Three years ago I tried very hard to go wireless+online for music. I
diligently uploaded thousands of .flacs to Google Play when I bought my new
Nexus. Yet when I was around the house, or taking the dog for a walk, or going
to and from work about half of the time there was silence as it was buffering
or whatever. This was in Newcastle, not the third world or rural Scotland. I'd
have expected much better, like connectivity and enough buffering to play
nearly all the time. I'd have expected good enough even somewhere with spotty
data coverage.

Around the same time I bought a nice Denon Network Music player for the home
system. Paid a good few pounds in the hope of decent midrange quality. Since
when, BBC have reduced stream quality, and Last FM radio (the main reason I
bought it) was discontinued.

Internet of S __* seems fairly accurate then.
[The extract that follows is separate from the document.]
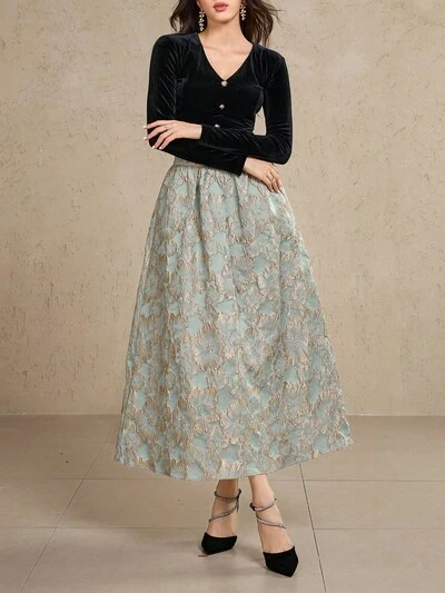 Conjunto elegante de 2 piezas con top corto de manga larga con diseño de botones de unicolor y falda de jacquard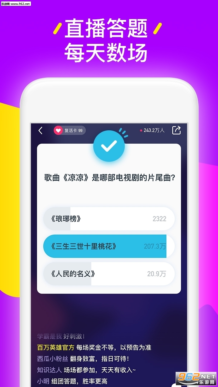 1.参加方式:打开西瓜视频,底部中间有个很炫的「答题赢钱」,点击进入活动页面,报名后即可参加答题。找不到的朋友可以搜索“百万英雄”即可。

Now all my music is back as lossless on FreeNAS, and I have a LAN only app on
the phone as remote control. When out with dog, the old ipod nano is good
enough and lasts much longer than the Nexus did. The Denon now ranks as
pointless waste of money. It plays my freenas archive, but I could do that
already.

So for me, my online music experiment is over, and I'm >£500 lighter.

------
anotherevan
Said it before, and I'll say it again. Much more interested in the intranet of
things, than the internet of things.